You can also get pet wipes like these to quickly and effectively do some spot cleaning as may be necessary.
How to Safely Bathe Your Hamster
There are some scenarios in which bathing your hamster is the only option. If your hamster got into poisonous substances, a bath is the safest choice considering the overall risk management.
A bath does not mean you fill your sink and toss your hamster in. Sure, most hamsters know how to swim, but they prefer not to. You can either bathe your hamster by wrapping them in a wet cloth or brushing them with a wet toothbrush.
If you use a wet cloth, then it’s important you rub the cloth over the hamster’s fur. This should dislodge any messes. A toothbrush allows you to target the areas you can see are dirty.
If you must bathe your hamster, the goal is to keep them as dry as you can. This preserves their natural protective oils. Water is all you need to clean them; never use dish soap, shampoo, or conditioner.
Just as important is drying your hamster. They must be fully dried before they go back in their cage. If they’re even damp, they could get sick and potentially die. You can either let your hamster air dry, as we mentioned before or use a dry cloth. Never use a hair dryer or put them near a heater or other heat source!
How to Keep Your Hamster Clean
Your hamster will generally keep themselves clean, but you can help them in the following ways:
- Clean your hamster’s enclosure weekly. See our guide on how often to clean a hamster’s cage.

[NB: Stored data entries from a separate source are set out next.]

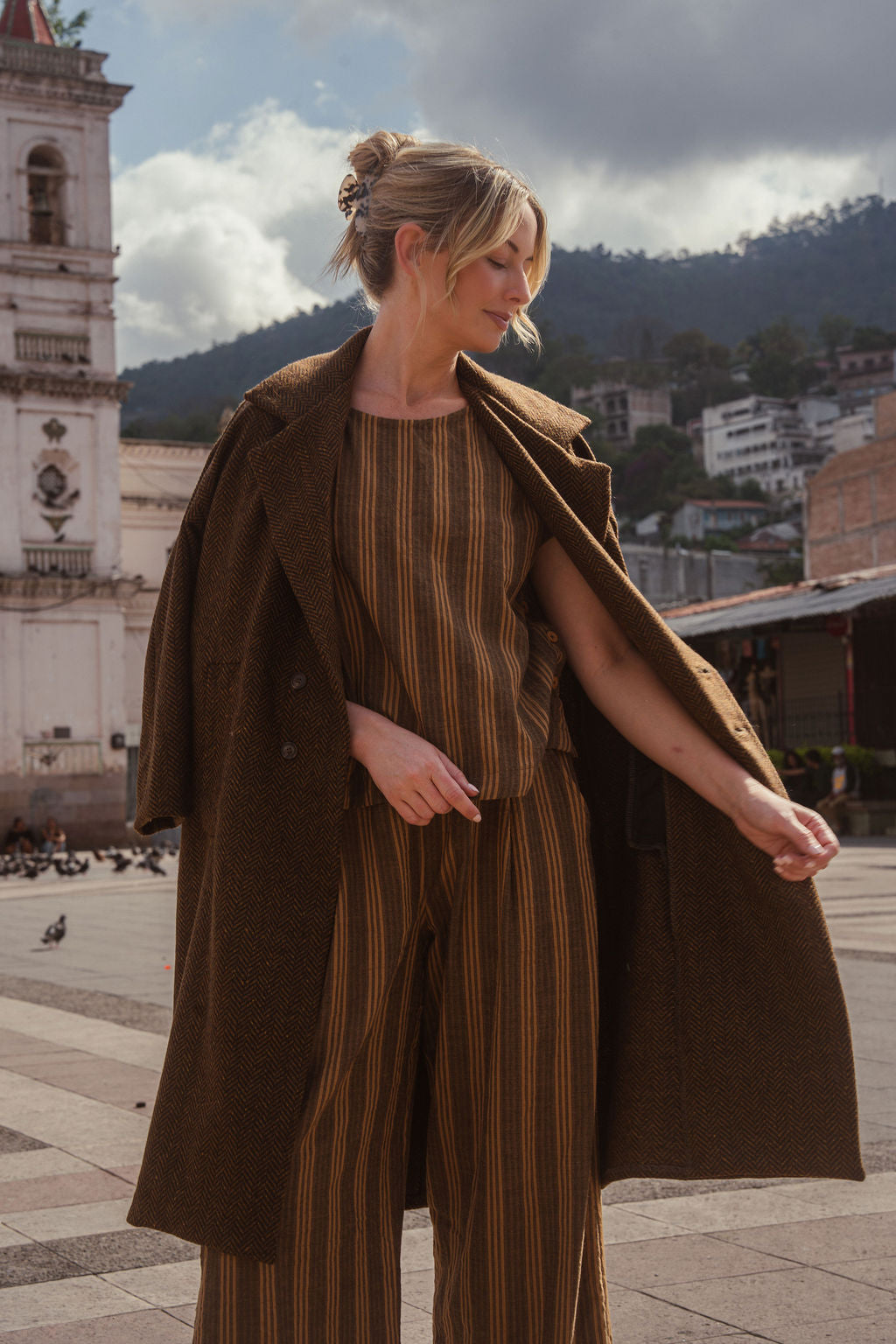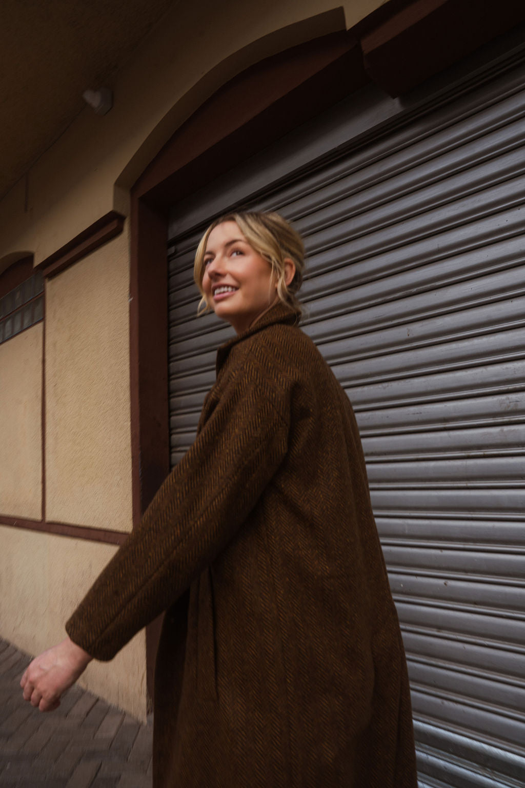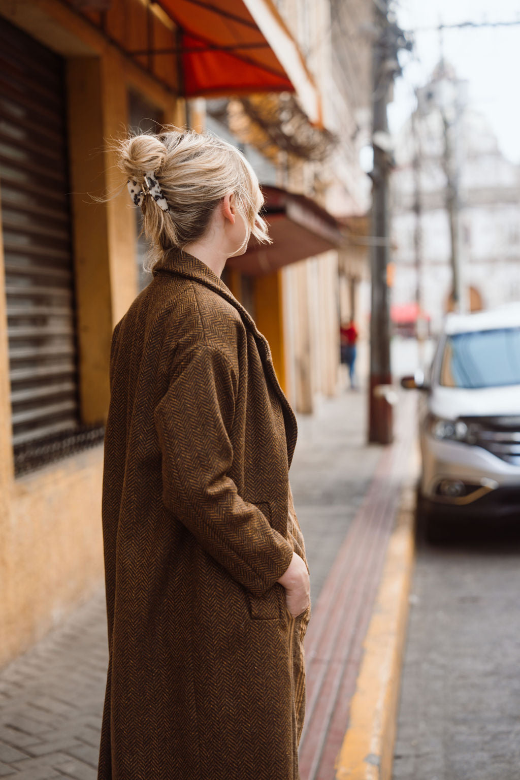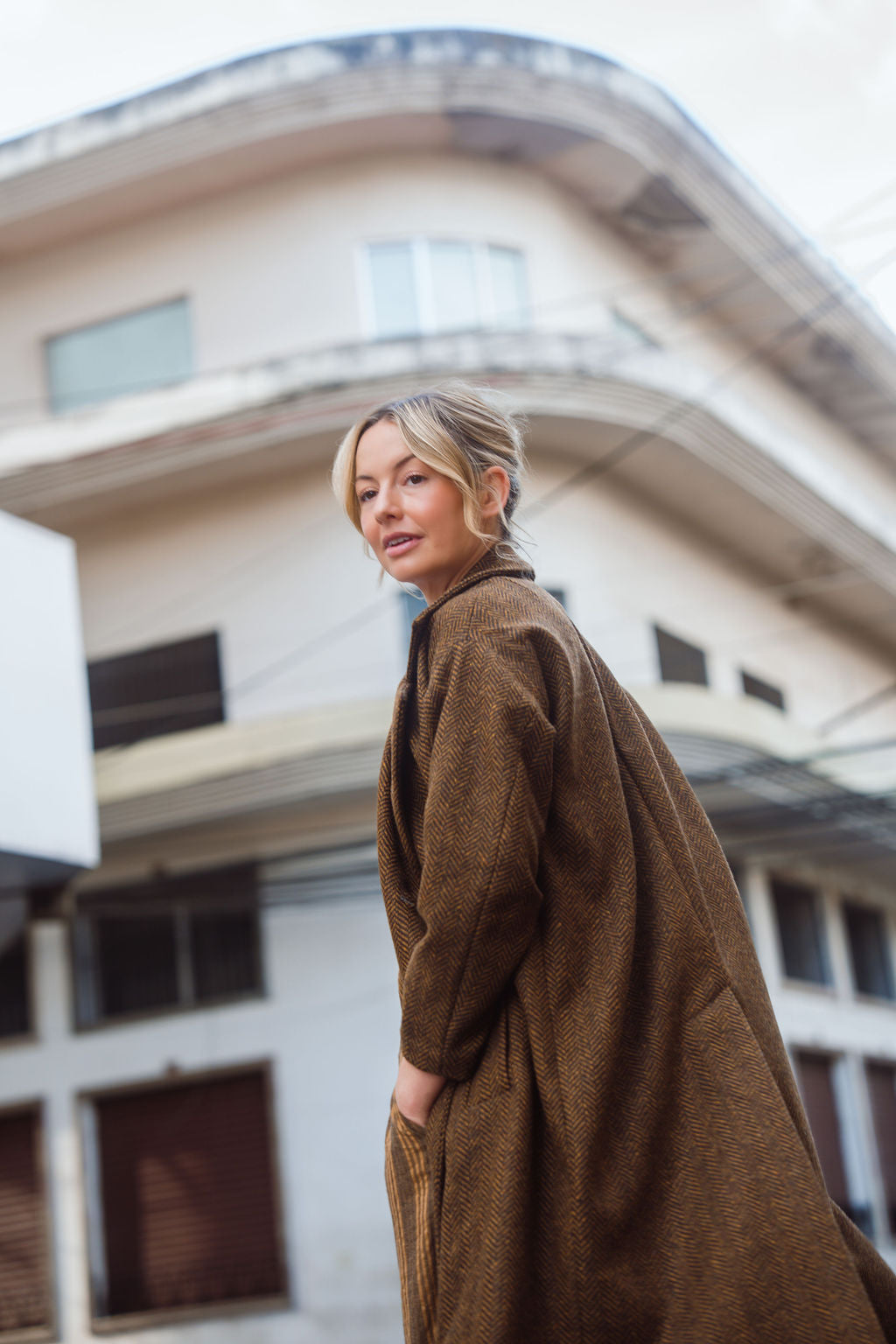 Portuguese Wool Polly Coat in Black and Brown Small Herringbone Made to Order
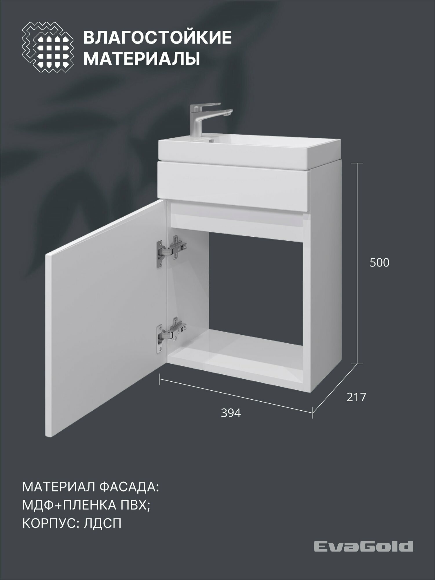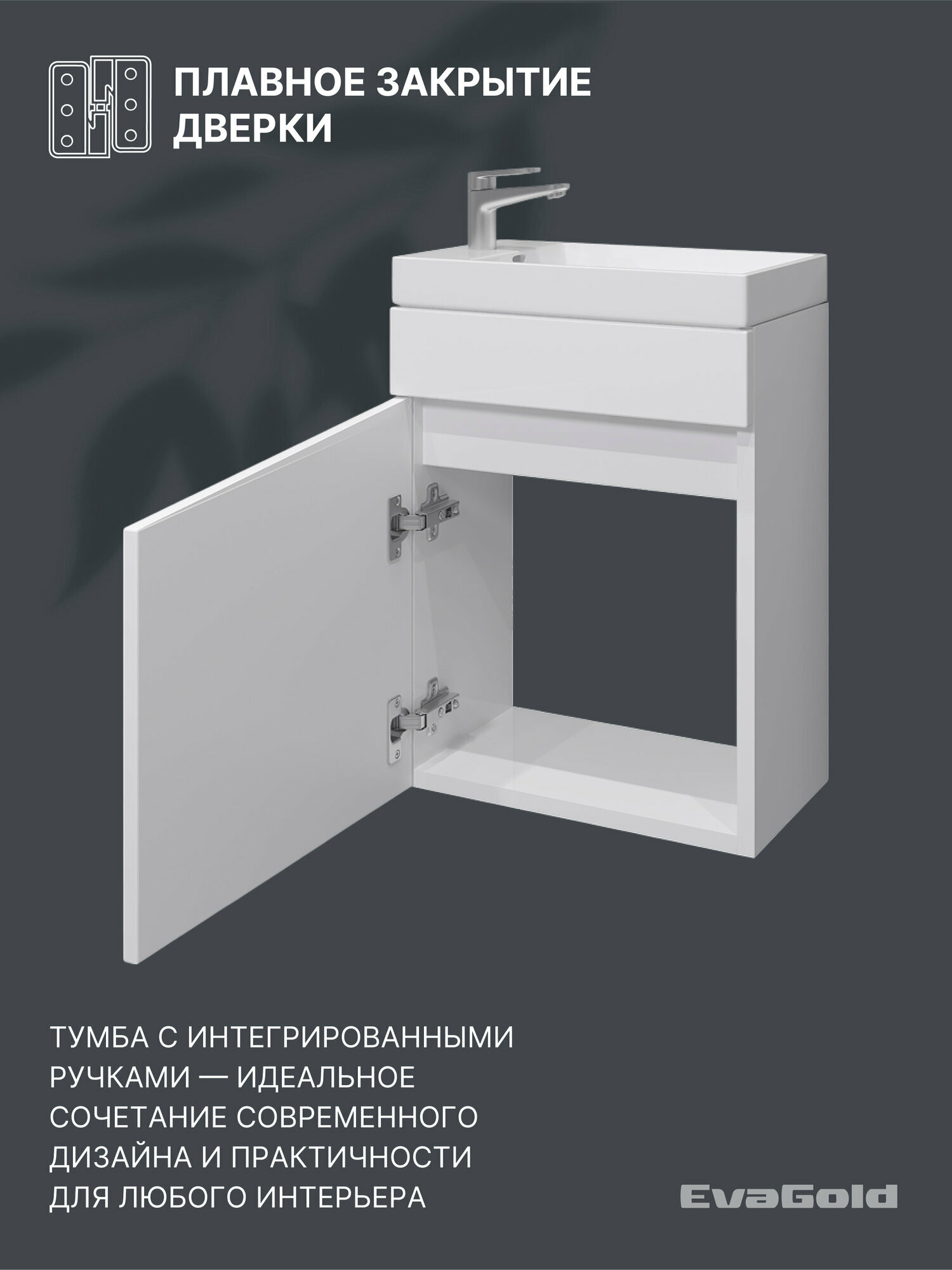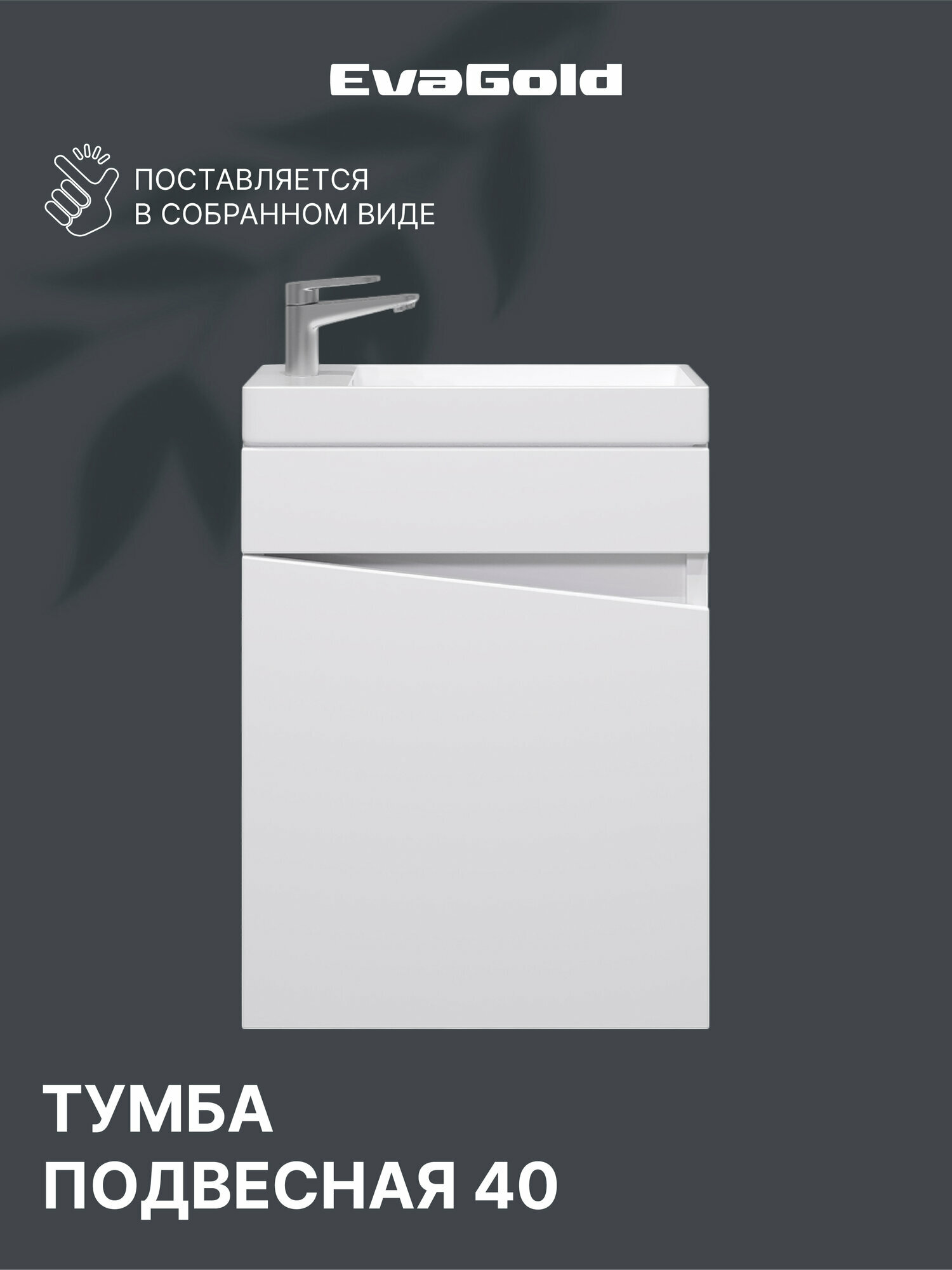 Тумба под раковину подвесная EvaGold 40 см, модель ND161.5 белый для ванной: сравнение цен, характеристики, фото, актуальное наличие и цены.
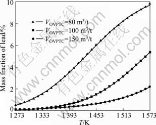 图4所示为烟气的含铅量(包括Pb、PbO和PbS)随T和VOVPTO的变化。图4表明,铅在烟气中的挥发损失总体上随T的升高而增加,随VOVPTO的增大而降低。
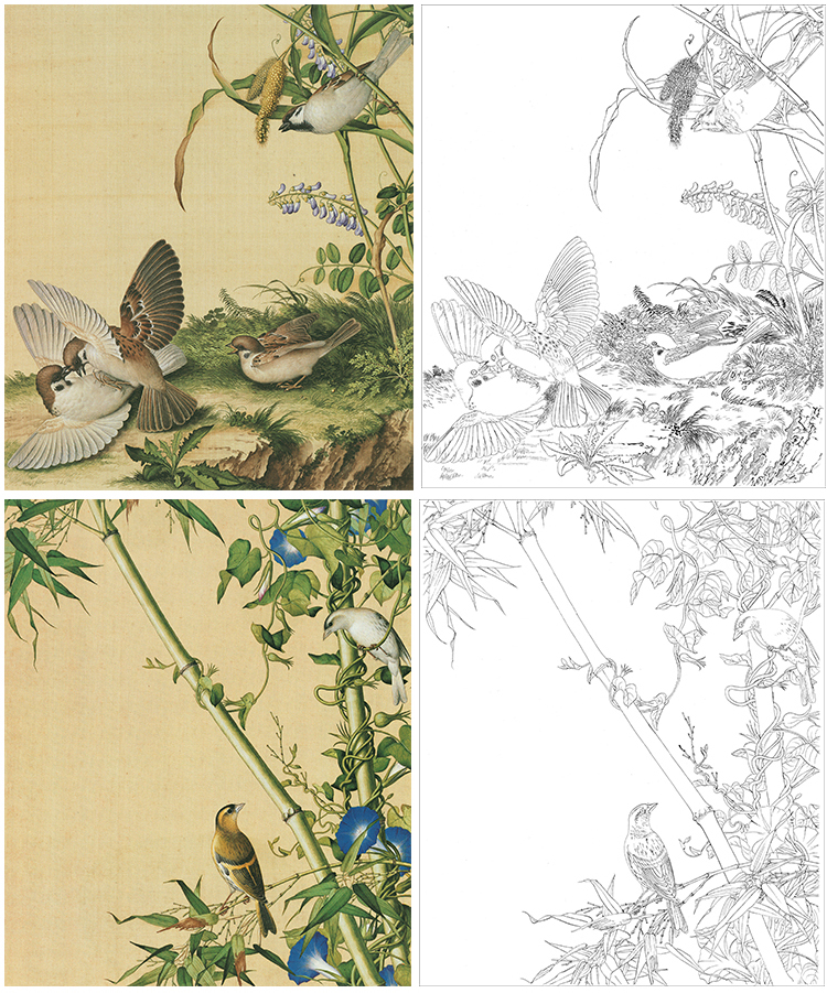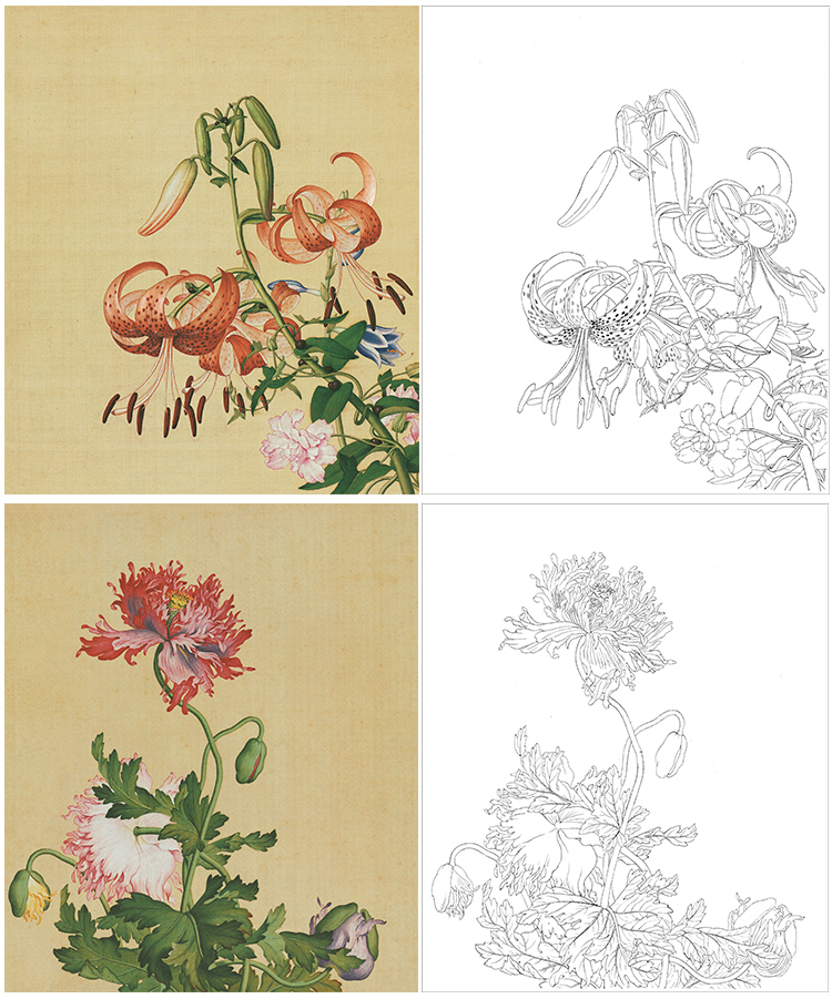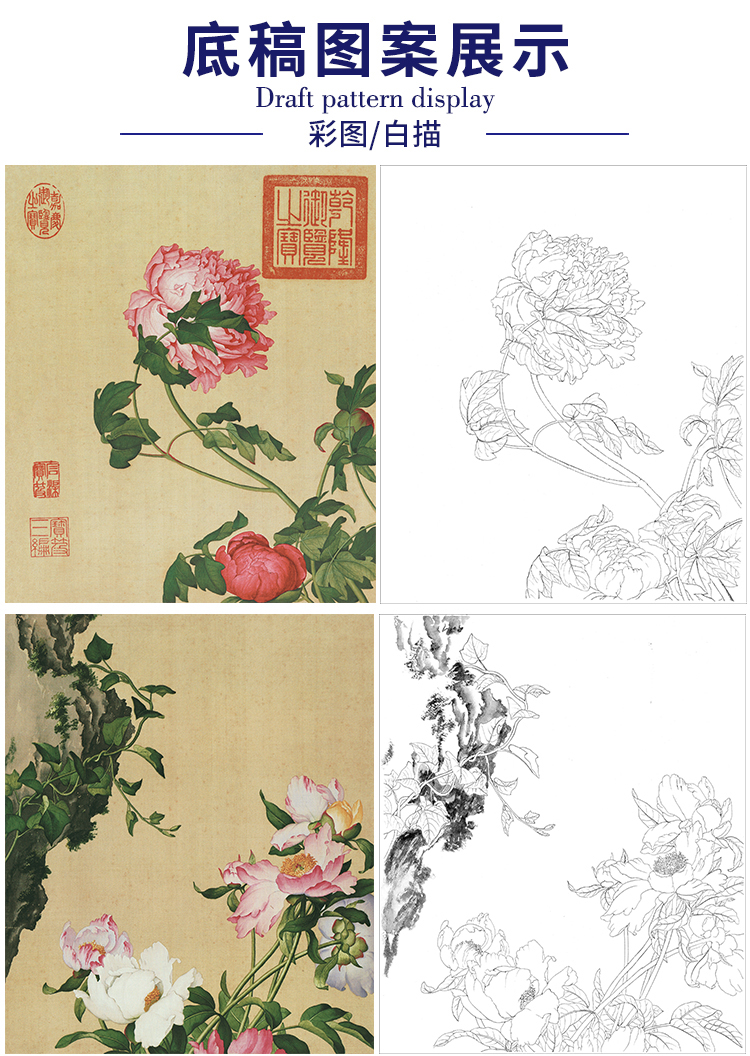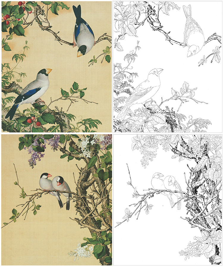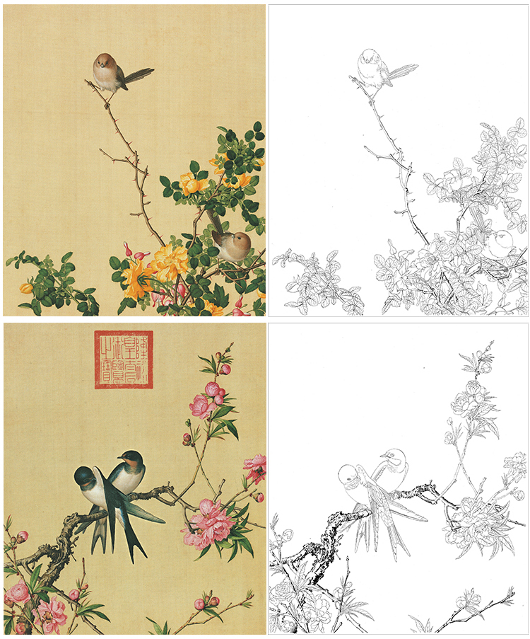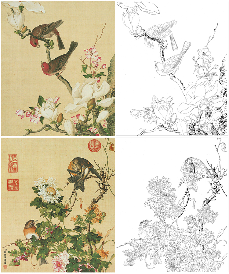 郎世宁工笔花鸟小品画白描底稿仙萼长春册一套十六幅册页尺寸35×42厘米LT00

- Change out the litter every day.
- Always keep an eye on your hamster’s enclosure. If you’ve noticed they’ve made waste and are too close to it, you may opt to clean it up yourself.
- Keep toxic substances away from your hamster. These include gum, paint, nail polish, and certain foods (see the full list of foods to avoid here). This will reduce your need to bathe your hamster.
- Reduce handling unless necessary.
A Dry Hamster Is a Healthy Hamster!
While you can bathe your hamster in water, as we’ve mentioned, this is reserved for worst-case scenarios only. If your hamster has not gotten into toxic substances, then try a sand bath, brushing, trimming, or even spot cleaning first.
Above all else, don’t forget that your hamster knows how to keep themselves clean. Leaving your pet to their natural grooming process and keeping them dry is best for their health.